Against Descript: Descript is a media production application, not an API service. They share the transcription capability but serve different use cases entirely. Descript for audio/video editing with transcript-based workflows. AssemblyAI for programmatic audio processing at scale.

Against ElevenLabs: ElevenLabs is primarily TTS with a voice agent platform. AssemblyAI is STT with audio intelligence. The overlap is minimal except in the voice agent space where both offer different ends of the pipeline.

Pricing at scale

For a production application processing significant audio volume, the math looks like this:

100 hours per day of Universal-1 transcription: $27/day, $810/month. Same volume with Universal-2: $165/day, $4,950/month. LeMUR analysis on 10% of transcripts at average complexity: variable, roughly $100-500/month depending on query complexity and transcript length.

For call centers, the Universal-1 numbers are often compelling compared to manual quality assurance costs. For research applications requiring maximum accuracy, Universal-2 pricing is steep but often justified by the downstream use of the transcript.
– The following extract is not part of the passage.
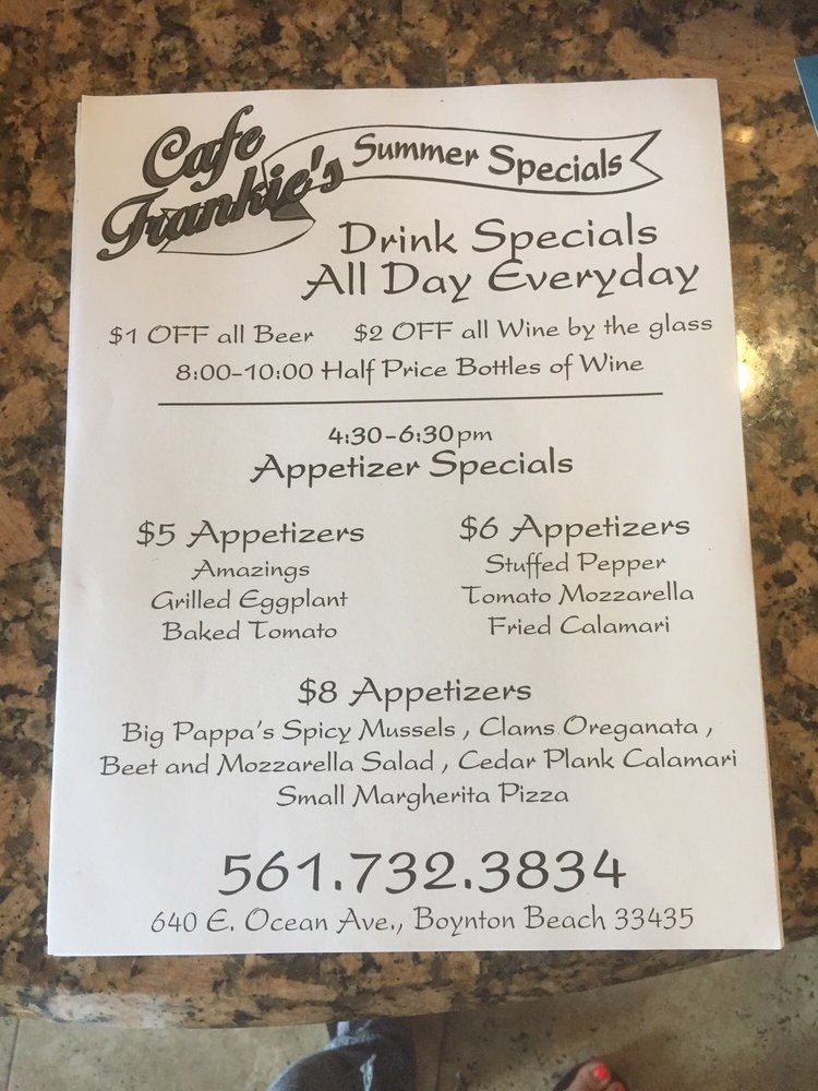 Cafe Frankie's, located in Boynton Beach, FL, is a must-visit for pizza, Italian, and seafood lovers. This restaurant offers a range of amenities, from wheelchair accessibility to free Wi-Fi, making it a convenient and enjoyable dining experience. Customers rave about the crispy pizza, delicious meatballs, and authentic Italian dishes. The catering options are also a hit, with generous portions and affordable pricing. While some reviews mentioned minor issues with burnt pizza bottoms, the overall consensus is positive. Cafe Frankie's is a casual yet classy spot that caters to all, with options for vegetarians and a welcoming atmosphere for families and groups. Don't miss out on the delightful desserts and happy hour specials at this hidden gem in Boynton Beach.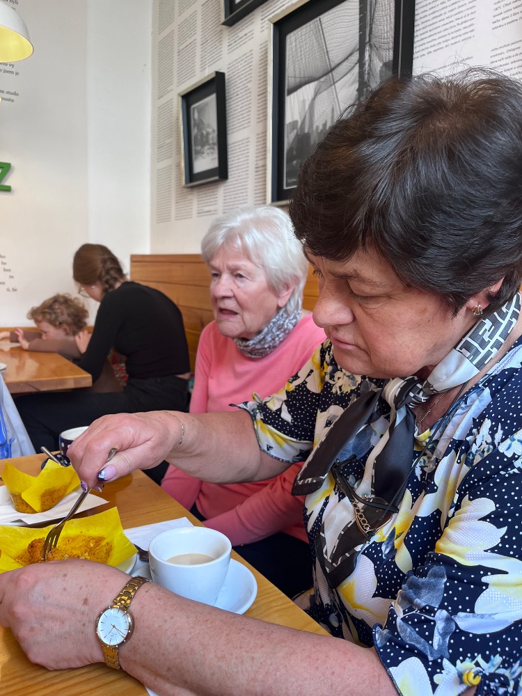 Z vystavených fotografií na nás dýchla atmosféra a energie minulé doby a současně přispěla k zamyšlení se nad dobou dnešní. Náš výlet jsme samozřejmě zakončili návštěvou příjemné kavárny, posilnili jsme se výbornými zákusky a pak už zase zpátky vlakem domů. 🙏🙏🙏

Volume pricing applies at enterprise tiers. If you're processing thousands of hours monthly, the Pay-As-You-Go rates are not the rates you'll actually pay.

Who should use AssemblyAI

Teams building audio intelligence applications where understanding transcript content matters beyond simple keyword matching. LeMUR is the reason to choose AssemblyAI for this category.

Compliance-sensitive applications in healthcare, legal, and financial services that need PII redaction, content moderation, and the option for a compliance framework (HIPAA BAA).

Call center and customer success analytics at companies that want to analyze more calls than human QA teams can manually review.

Developers in Java, Ruby, or Go who benefit from first-party SDK support that Deepgram doesn't offer.

Podcast and media companies building indexing, search, and discovery features on top of audio content where transcription plus intelligent analysis is the core capability.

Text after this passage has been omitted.